Ele começou a caminhar e manteve-a ao seu lado, sem aliviar nenhum momento a pressão da mão dele no seu braço.

—Então você é minha babá? - Para sorte dela, estavam indo para seu quarto.

—Eu sou o que eles pedem para ser. Meu trabalho é manter a integridade de nossos funcionários, Dora. – Ela queria correr, mas ali em baixo estava perdida e a única passagem para cima ficou para trás. – Como está o cadáver?

—Ele está bem. –Ela sorriu para ele. – Você sabe muito sobre mim, mas nada sobre você.

—Eu gosto de motos e velocidade, mas, depois de um acidente e ficar paraplégico, meus gostos mudaram.

—Então você é um cadáver também. – A voz de Nathan soou atrás deles. Ele sorriu e virou, ela segui-o.

—Todos nós somos cadáveres aqui, Nathan. – Os olhos deles se encontravam. –Leve a doutora para seus aposentos por mim. –Ele virou para ela. – Cuidado com o que fala.

Ele soltou seu braço e começou a caminhar pelo caminho pelo que vieram. Quando ele sumiu na imensidão branca, ela conseguiu respirar.

—O que foi que você fez? – Nathan tentou manter a calma, mas seus olhar era de pura raiva.

—Eu meio que bisbilhotei e ele me viu.

—Ele te viu? Em cada centímetros dessa merda tem um câmera e só ele te viu. – Ele estava certo. – Use seu cérebro boneca.

—Nunca me chame assim! Não se esqueça quem é o chefe aqui. – Um sorriso sínico estampou em seu rosto. – Eu cometi um erro, admito. – Ela balançou a cabeça. – Dá onde eu conheço ele?

—Foi ele que trouxe o nosso cadáver, chefe. –A voz dele soou venenosa. – Você viu a roupa dele?

-Não. Eu congelei. O que tinha nela?

—Sangue na manga esquerda e sangue fresco em cima do sapato bem ilustrado.

—Obrigada. –Ele pegou a bebida na mão dela e bebeu um gole grande e devolveu a ela

—Durma! – Ele caminhou para a porta do seu quarto a alguns metros dali e entrou.
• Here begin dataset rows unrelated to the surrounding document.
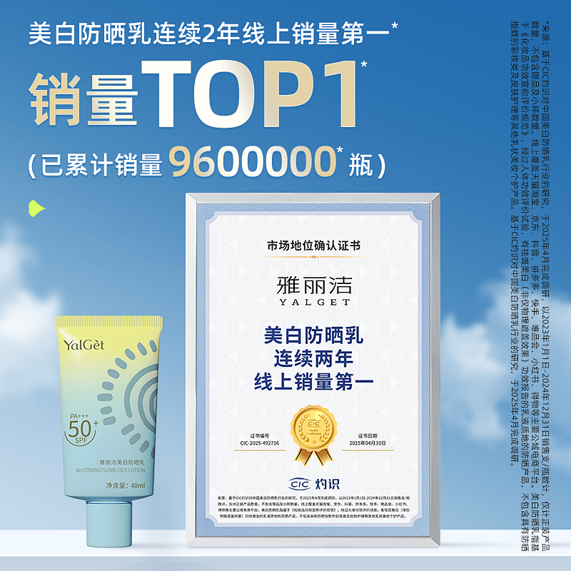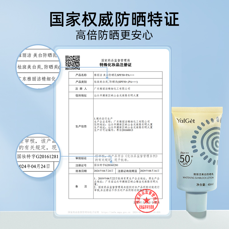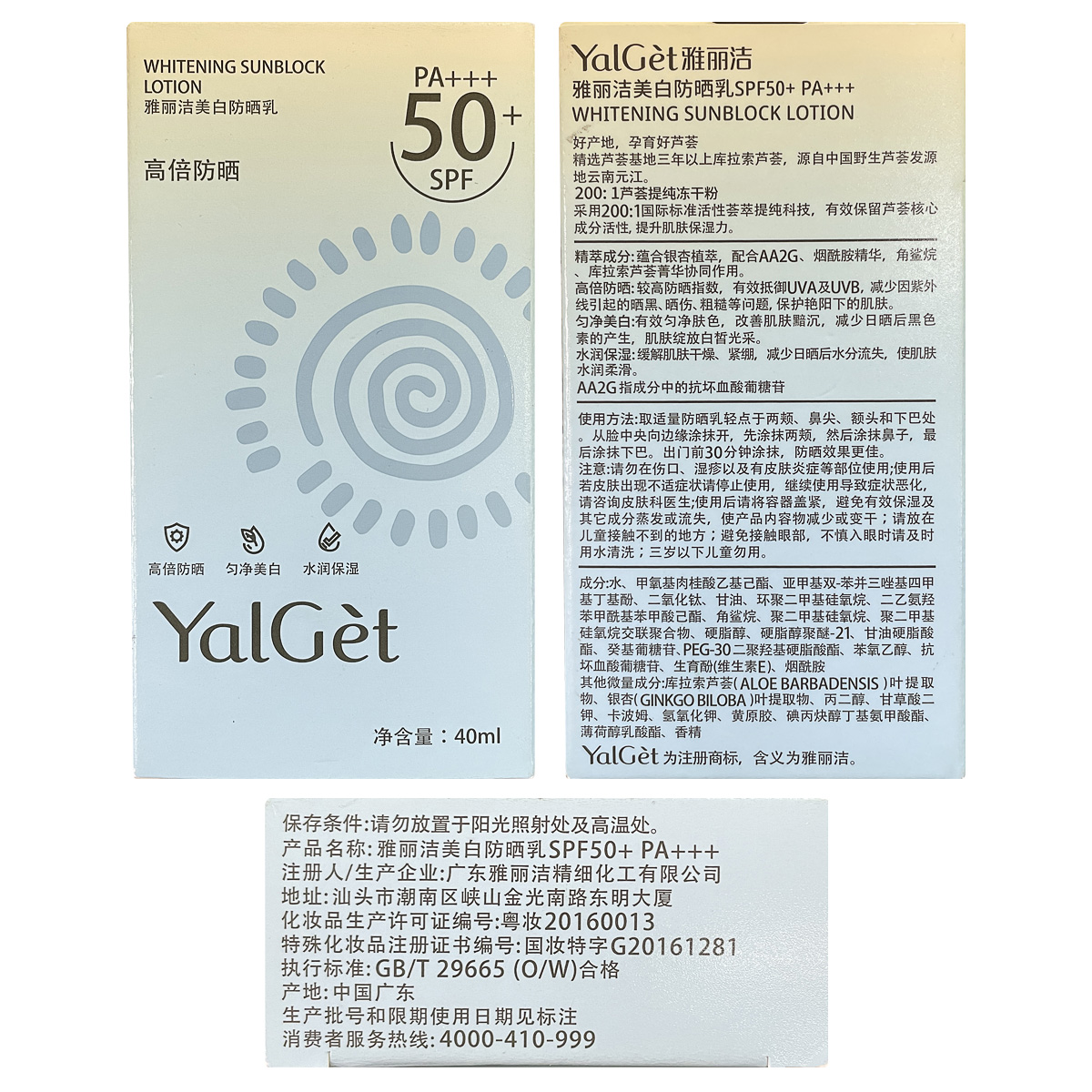 Yalget/雅丽洁防晒霜高倍防晒防紫外线美白隔离清爽不油腻防晒乳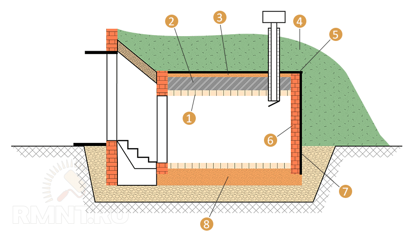 В таком случае дождевая и талая вода будет стекать вниз по склону, а не скапливаться около стен хранилища. Стандартная глубина погреба – 2,5 – 3 метра.
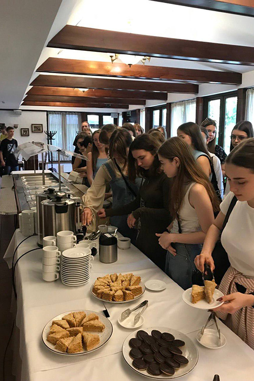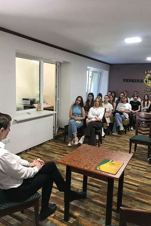 Одне з перших занять пройшло на базі готелю-партнера кафедри туризму і готельно-ресторанної справи «Україна». Менеджер готелю Юрій Кривошия ґрунтовно розповів про усі особливості готельно-ресторанного бізнесу і зокрема, про діяльність готелю Україна. Познайомив студентів з номерним фондом. Керуюча готелем Наталя Щербініна наголосила на багаторічній плідній співпраці з кафедрою, запросила і надалі залучати наших студентів до практичних занять і для проходження практики, оскільки багато випускників нашого ЗВО стали співробітниками готелю. Особливо приємним для студентів стало запрошення на каву-брейк, де керівництво готелю пригощали смаколиками й кавою.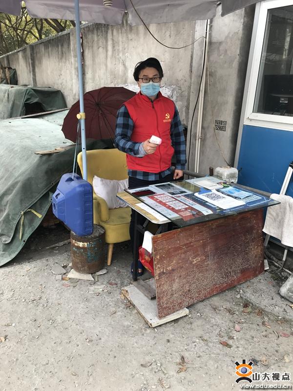 山大研究生不仅奉献自己的力量,还号召家人共同抗疫。外国语学院2018级研究生陶俊平与母亲一起在小区检查点值班。材料科学与工程学院2019级研究生高昱也主动请缨,履行党员义务,带领家人投身于济南市开放小区的社区抗疫工作中,全家人轮班值守,已在岗位连续坚持十余天。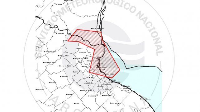A las 17.15 el SMN emitió un aviso por "tormentas fuertes con ráfagas y ocasional caída de granizo" para las siguientes zonas: Islas del Ibicuy en Entre Ríos; los partidos de Campana, General San Martín, Malvinas Argentina, San Fernando, San Isidro, San Miguel, Tigre, Tres de Febrero, Vicente López y Zarate en la provincia de Buenos Aires, el Río de la Plata Interior y la Ciudad Autónoma de Buenos Aires. El aviso tiene una validez de hasta dos horas desde la emisión.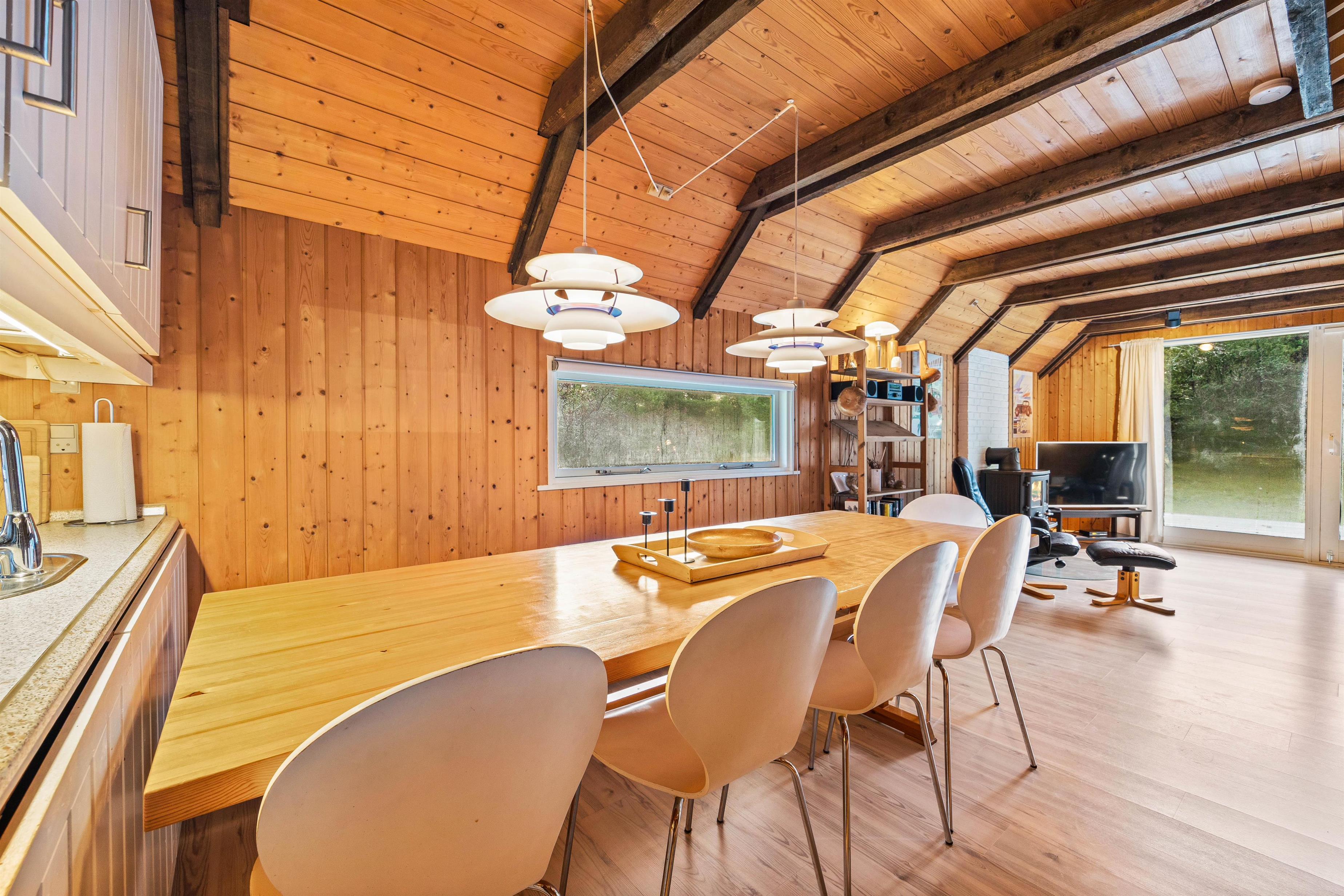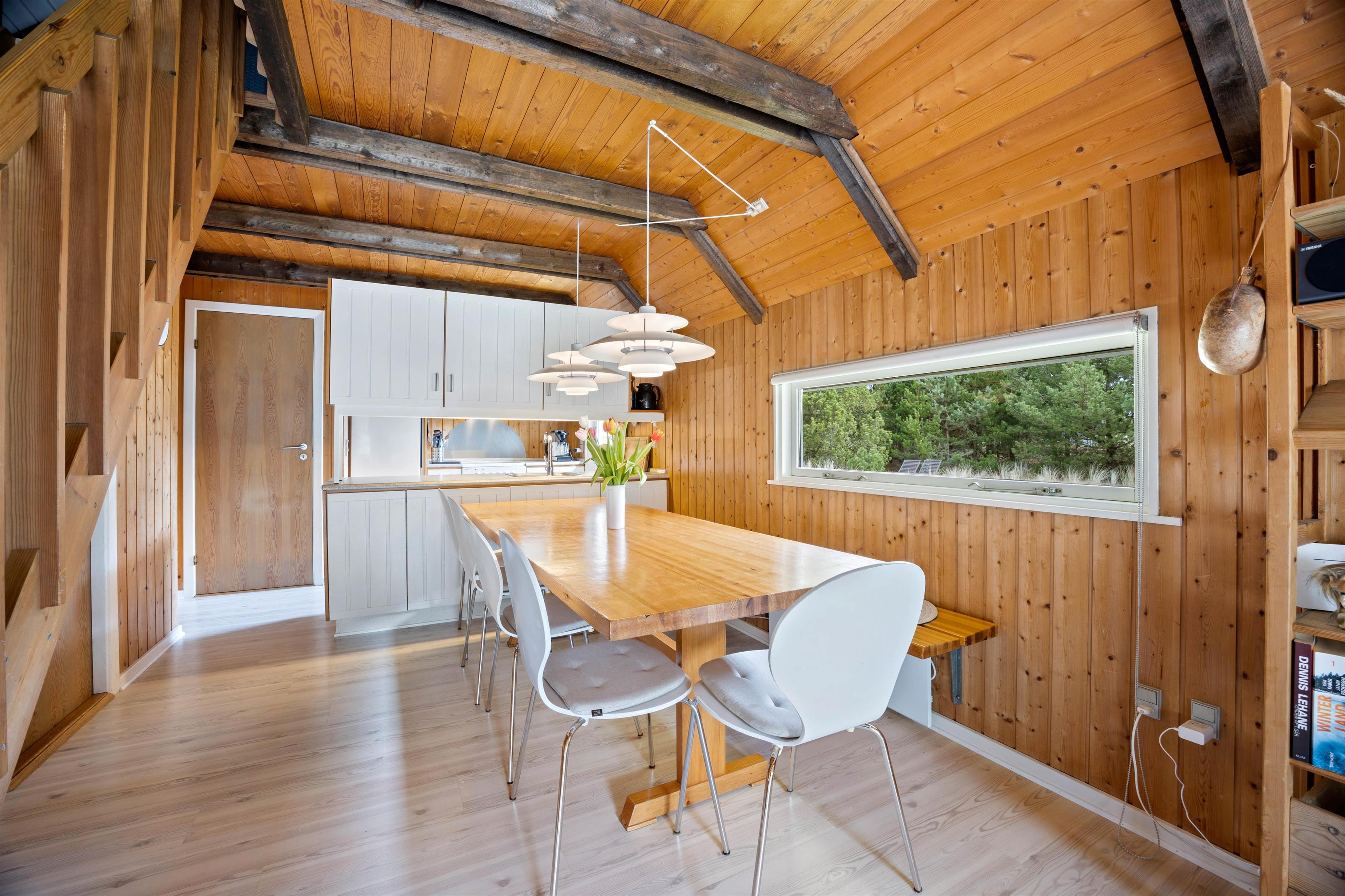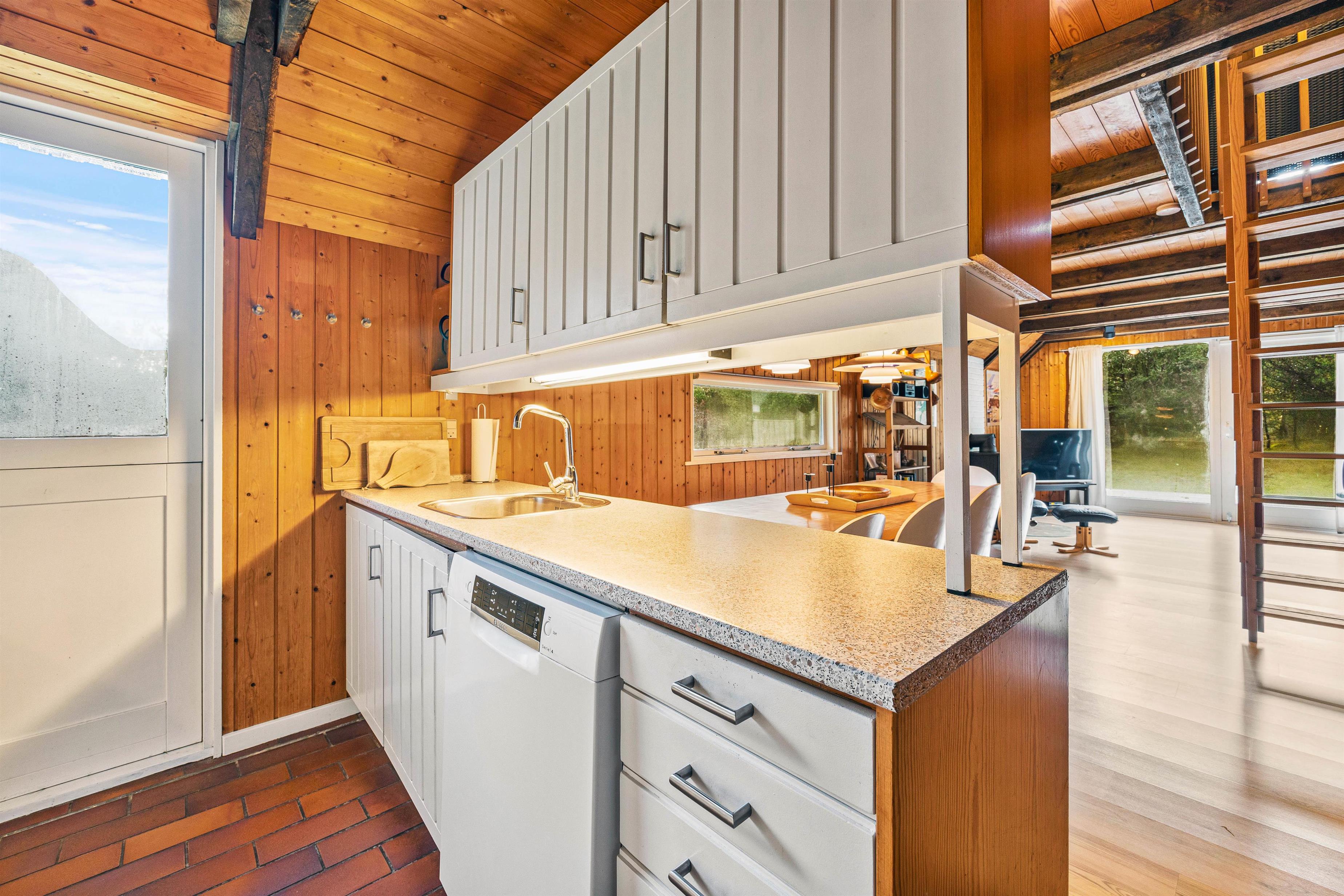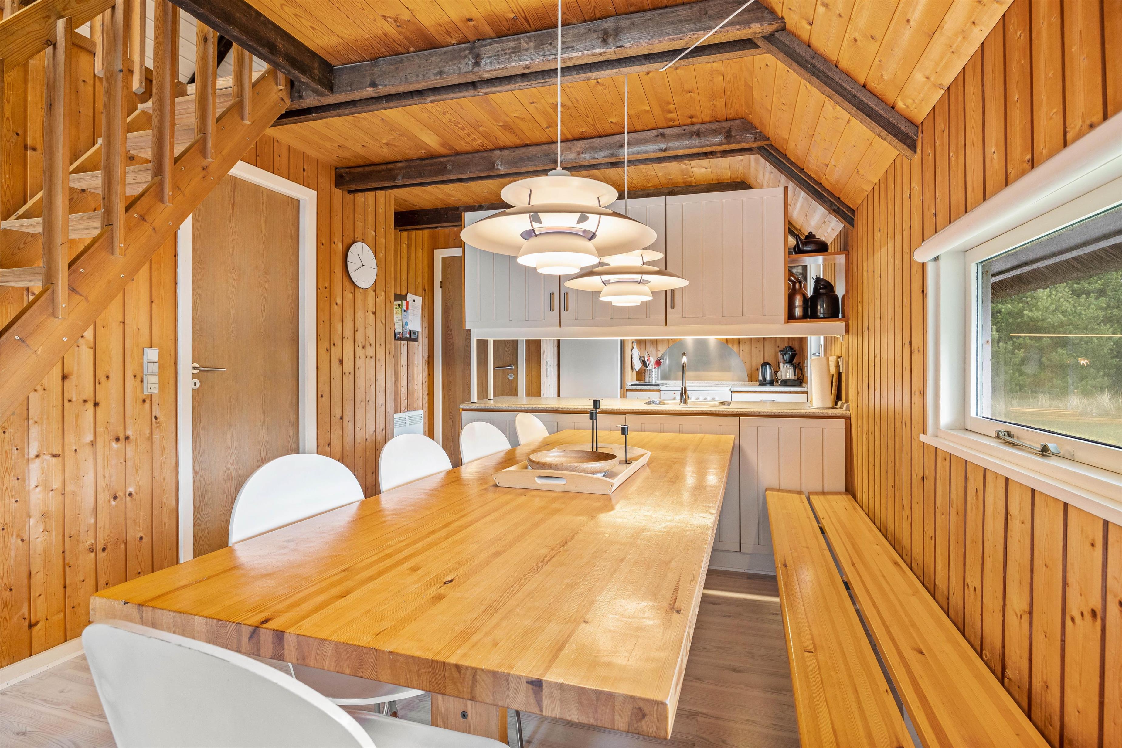 Sommerhusets rustikke indretning og de skønne omgivelser skaber gode rammer for jeres ferie. Køkken og stue er i åben forbindelse og udgør på den måde ét stort rum, hvor hele familien kan samles og nyde godt samvær.

Ela fez o mesmo. Entrou na sala. Tum. As paredes eram de um tom marrom terra. Havia uma TV de 50 polegadas e varias prateleiras com seus livros favoritos. Deixou a garrafa no chão. Entrou no banheiro. Pegou um frasco de relaxante muscular e engoliu o comprimido a seco. Tirou o jaleco e jogou no cesto. Tirou a camiseta. Onde esteve a mão do homem estava roxo, muito roxo. Pegou uma camiseta azul para dormir. Tirou os saltos e foi para sua cama. Ela deitou e ficou. Ficou olhando para a única parede marrom do quarto. Ela não apagou a luz. Ela tinha medo da escuridão. Tum. Tum. Ela olhou para a garrafa. Levantou, a pegou e bebeu quase toda de uma vez.

A cabeça rodou. O estomago se contraiu. A garganta ardeu. Ela depositou a garrafa no chão. Se jogou na cama e adormeceu tentando esquecer o que viu. Nada importava além de seu trabalho.